What you should do – Look in the data below for the line that has "Questo comodino di", then print exactly every line from there through the line that has "A Horned Skull", leaving pictures out.

Material for this exercise –
+ + + + + + +

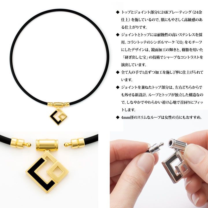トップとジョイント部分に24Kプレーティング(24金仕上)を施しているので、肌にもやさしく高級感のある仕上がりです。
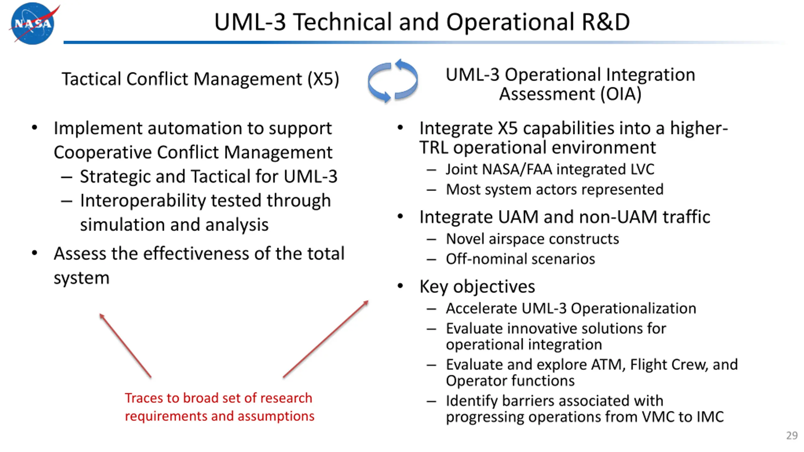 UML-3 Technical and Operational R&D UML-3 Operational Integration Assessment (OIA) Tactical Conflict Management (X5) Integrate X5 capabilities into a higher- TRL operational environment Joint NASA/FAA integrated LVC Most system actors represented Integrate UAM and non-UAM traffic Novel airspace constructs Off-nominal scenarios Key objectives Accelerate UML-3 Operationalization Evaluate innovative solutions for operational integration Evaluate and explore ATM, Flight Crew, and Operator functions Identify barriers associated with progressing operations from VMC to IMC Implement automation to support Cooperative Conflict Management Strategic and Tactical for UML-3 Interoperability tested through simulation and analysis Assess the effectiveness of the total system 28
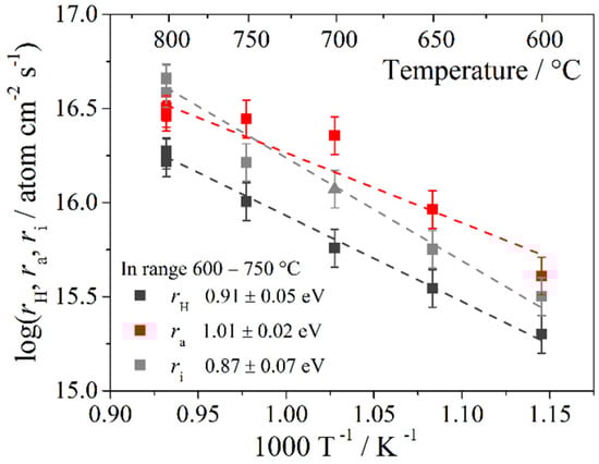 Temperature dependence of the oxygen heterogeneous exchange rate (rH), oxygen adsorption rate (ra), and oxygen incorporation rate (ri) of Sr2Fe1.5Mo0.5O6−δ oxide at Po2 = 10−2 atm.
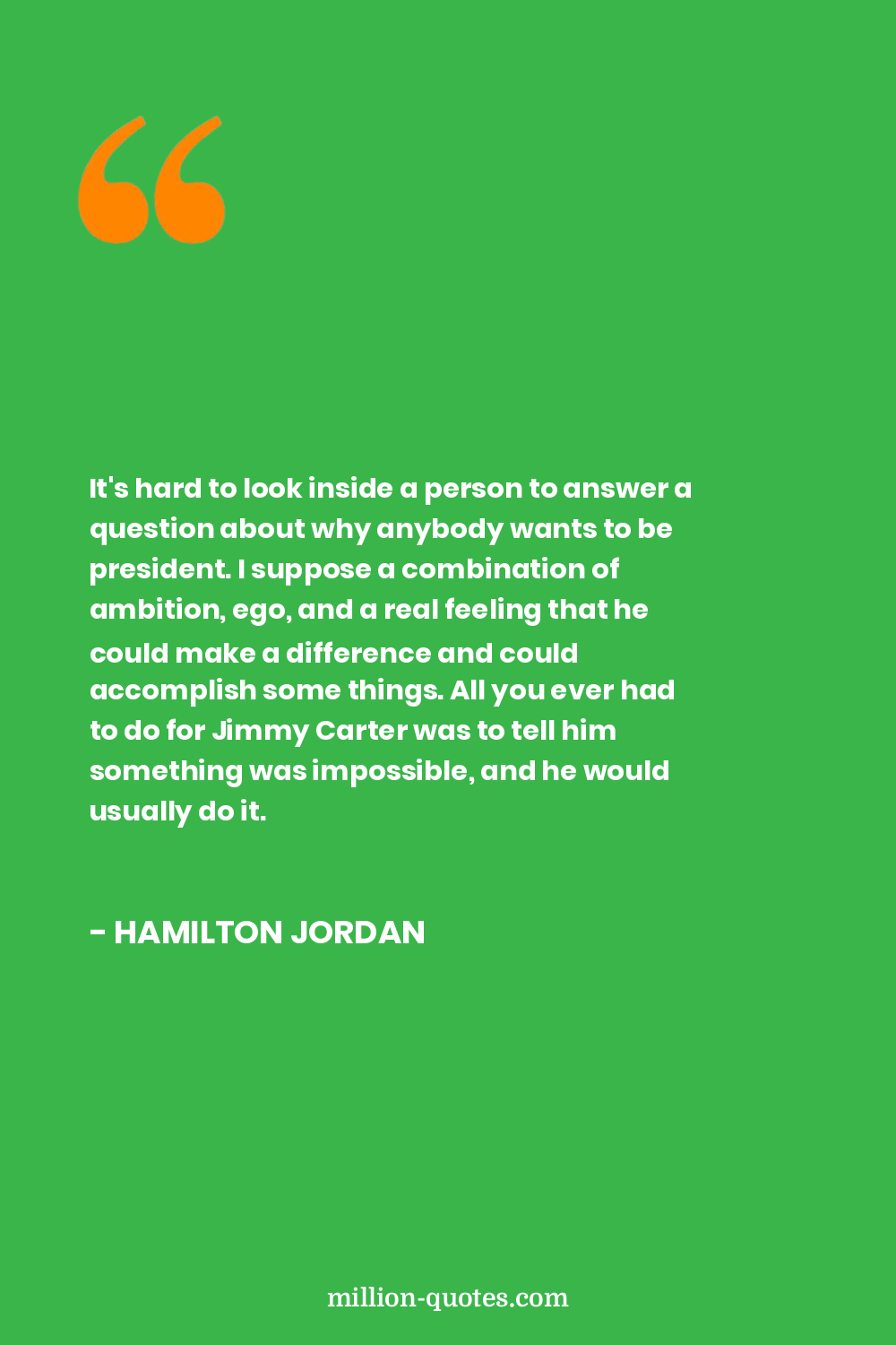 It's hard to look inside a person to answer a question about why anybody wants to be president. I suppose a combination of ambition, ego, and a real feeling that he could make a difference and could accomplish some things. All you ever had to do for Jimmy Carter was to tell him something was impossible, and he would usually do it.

+ + + + + + +

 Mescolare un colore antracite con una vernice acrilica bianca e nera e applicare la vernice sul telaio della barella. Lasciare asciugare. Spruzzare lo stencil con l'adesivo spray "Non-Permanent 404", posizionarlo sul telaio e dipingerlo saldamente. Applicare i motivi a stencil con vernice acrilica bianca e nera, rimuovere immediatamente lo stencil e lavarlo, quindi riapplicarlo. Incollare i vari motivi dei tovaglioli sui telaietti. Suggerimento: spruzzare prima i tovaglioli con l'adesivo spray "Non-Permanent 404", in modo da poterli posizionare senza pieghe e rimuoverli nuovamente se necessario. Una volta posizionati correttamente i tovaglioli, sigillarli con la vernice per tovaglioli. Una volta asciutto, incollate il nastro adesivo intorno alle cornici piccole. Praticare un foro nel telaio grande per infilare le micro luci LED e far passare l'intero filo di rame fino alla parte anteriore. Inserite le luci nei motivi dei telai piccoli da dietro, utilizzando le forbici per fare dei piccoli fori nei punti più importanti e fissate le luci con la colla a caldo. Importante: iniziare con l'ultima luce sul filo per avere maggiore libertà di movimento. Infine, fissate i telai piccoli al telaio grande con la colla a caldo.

+ + + + + + +

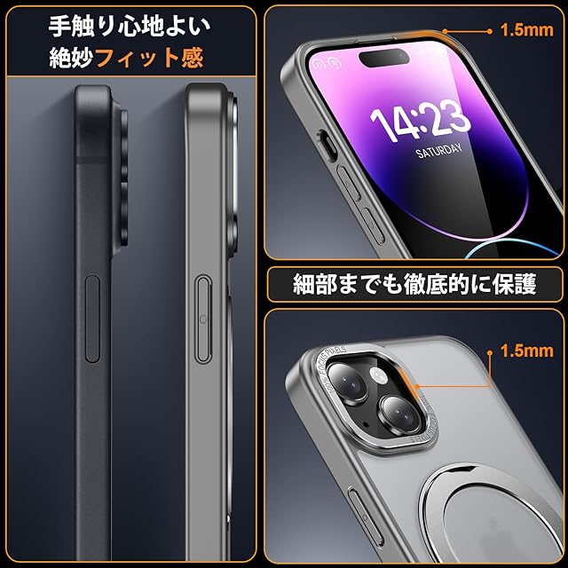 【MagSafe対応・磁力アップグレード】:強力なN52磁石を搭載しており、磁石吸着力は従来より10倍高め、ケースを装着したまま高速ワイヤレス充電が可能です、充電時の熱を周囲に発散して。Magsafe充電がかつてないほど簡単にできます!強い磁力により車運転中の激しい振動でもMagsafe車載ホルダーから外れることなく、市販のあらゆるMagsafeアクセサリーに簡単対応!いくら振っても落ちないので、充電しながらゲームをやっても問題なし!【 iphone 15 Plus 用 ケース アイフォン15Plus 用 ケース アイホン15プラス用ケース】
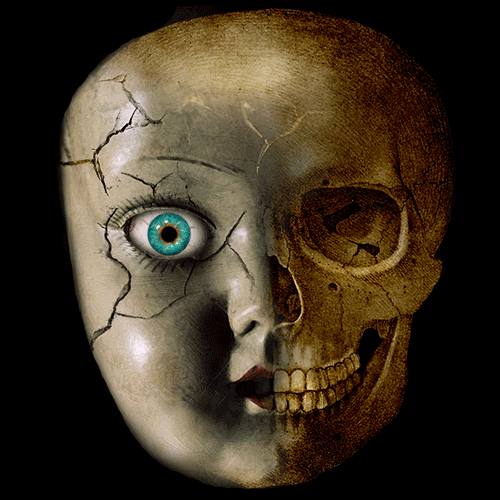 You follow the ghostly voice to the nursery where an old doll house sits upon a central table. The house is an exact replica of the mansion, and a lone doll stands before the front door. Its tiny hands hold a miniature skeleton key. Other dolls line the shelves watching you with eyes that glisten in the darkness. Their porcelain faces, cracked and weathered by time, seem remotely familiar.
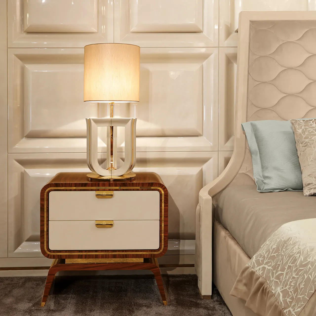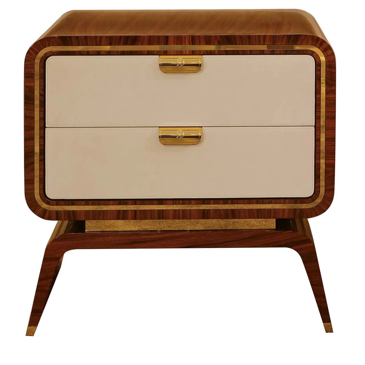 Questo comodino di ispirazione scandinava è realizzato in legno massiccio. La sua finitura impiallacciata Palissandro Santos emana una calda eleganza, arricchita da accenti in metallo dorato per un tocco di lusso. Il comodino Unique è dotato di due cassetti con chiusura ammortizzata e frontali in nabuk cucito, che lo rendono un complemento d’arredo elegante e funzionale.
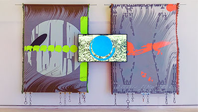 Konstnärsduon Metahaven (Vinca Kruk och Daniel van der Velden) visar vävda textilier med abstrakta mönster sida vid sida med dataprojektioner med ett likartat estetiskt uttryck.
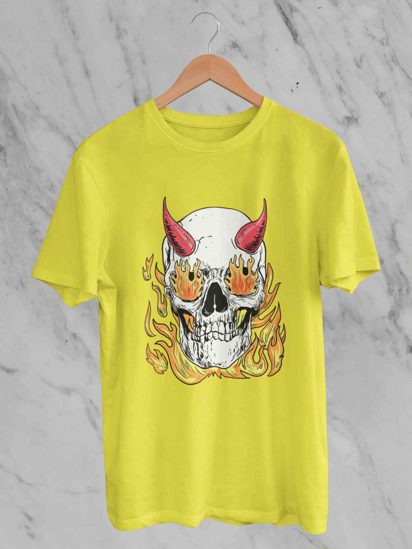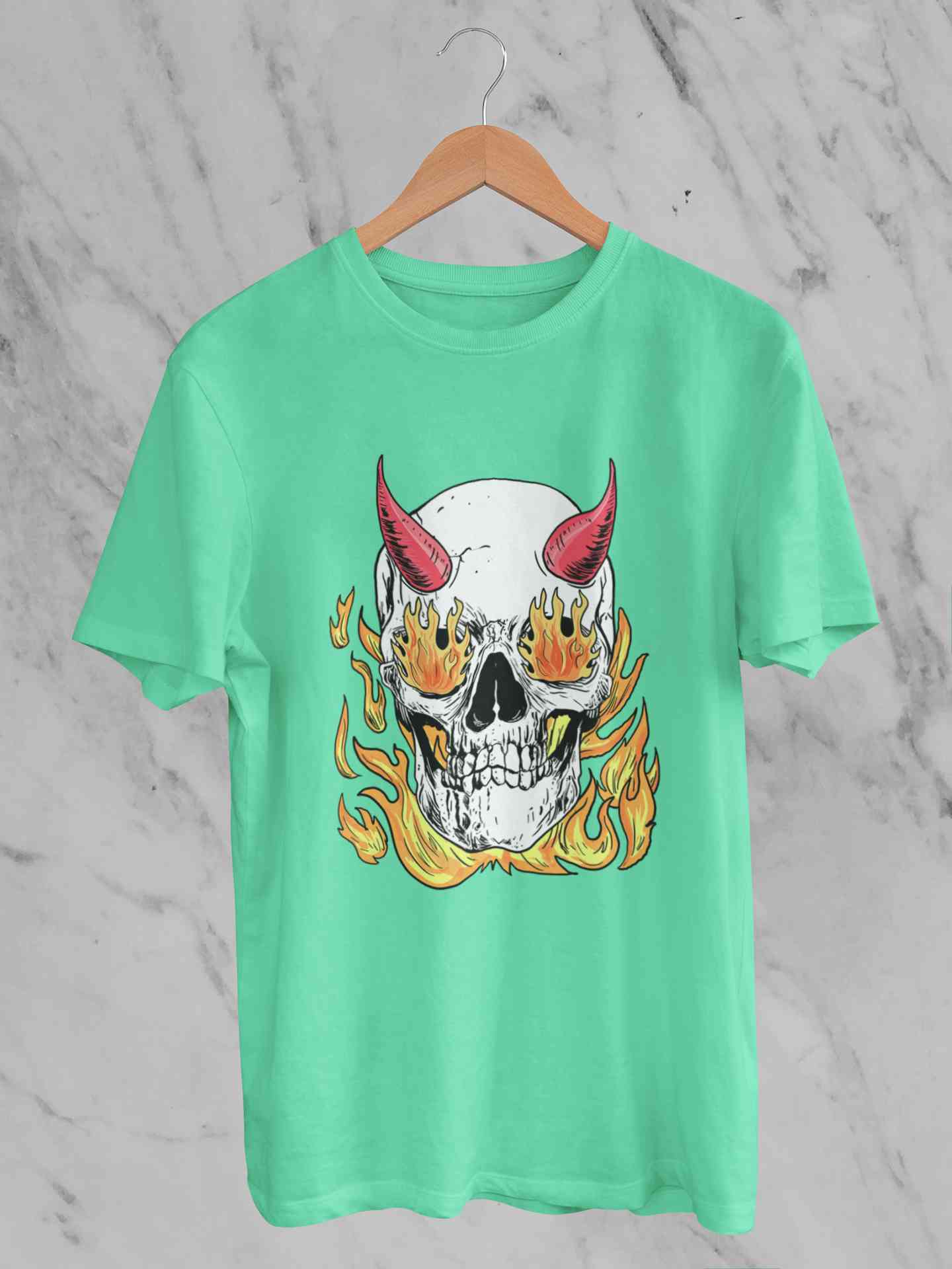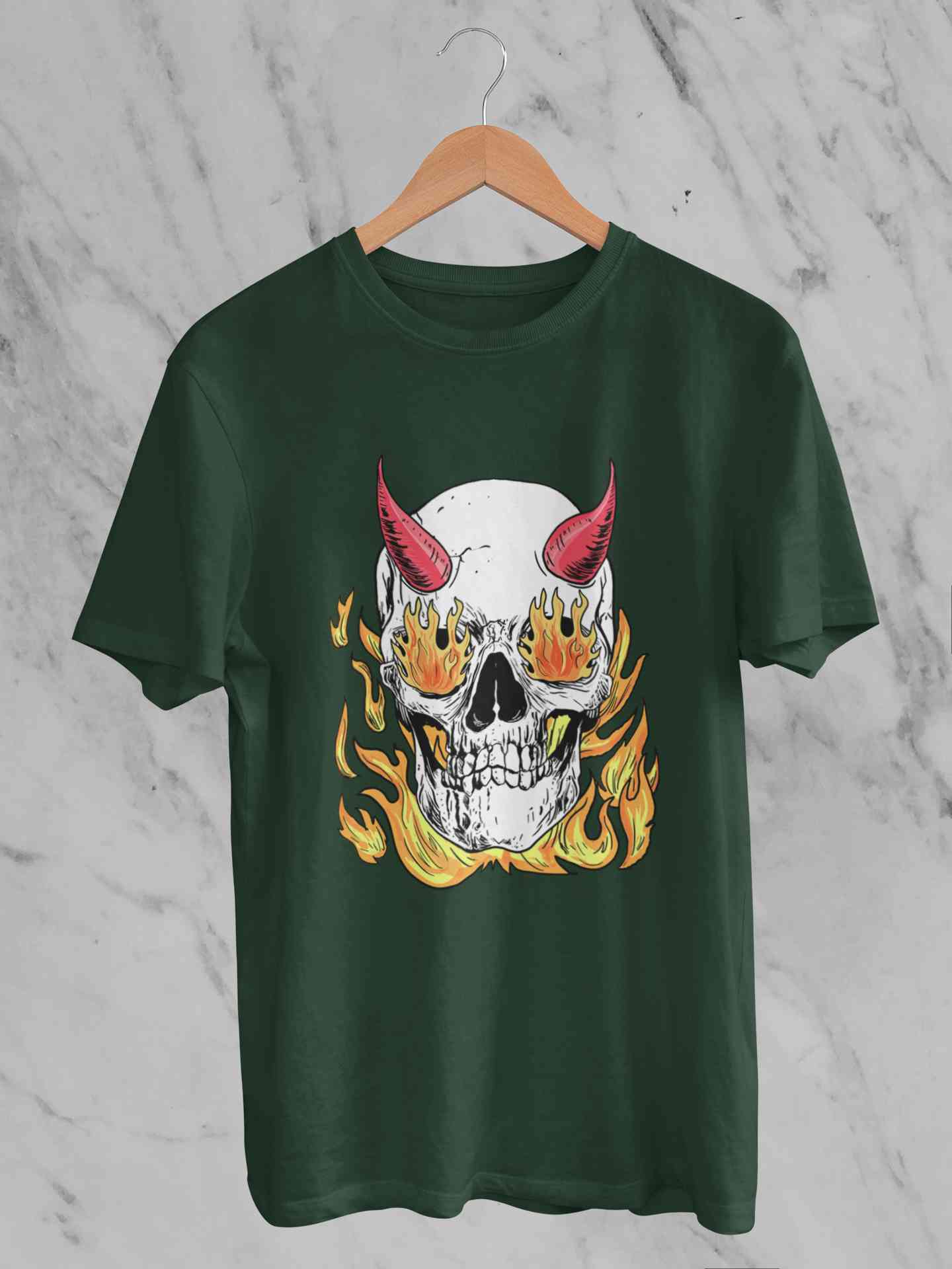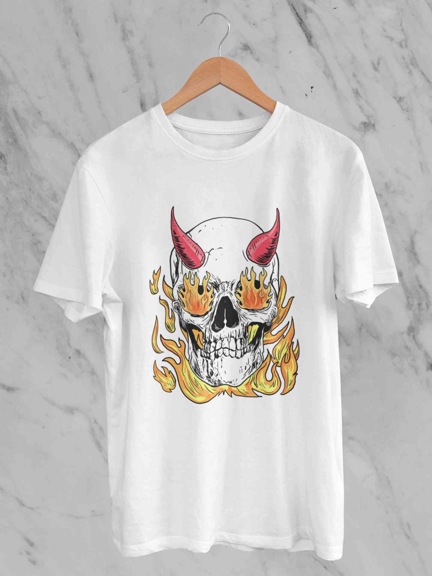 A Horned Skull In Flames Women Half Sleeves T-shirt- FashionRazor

+ + + + + + +

Answer for this exercise –
 Questo comodino di ispirazione scandinava è realizzato in legno massiccio. La sua finitura impiallacciata Palissandro Santos emana una calda eleganza, arricchita da accenti in metallo dorato per un tocco di lusso. Il comodino Unique è dotato di due cassetti con chiusura ammortizzata e frontali in nabuk cucito, che lo rendono un complemento d’arredo elegante e funzionale.
 Konstnärsduon Metahaven (Vinca Kruk och Daniel van der Velden) visar vävda textilier med abstrakta mönster sida vid sida med dataprojektioner med ett likartat estetiskt uttryck.
 A Horned Skull In Flames Women Half Sleeves T-shirt- FashionRazor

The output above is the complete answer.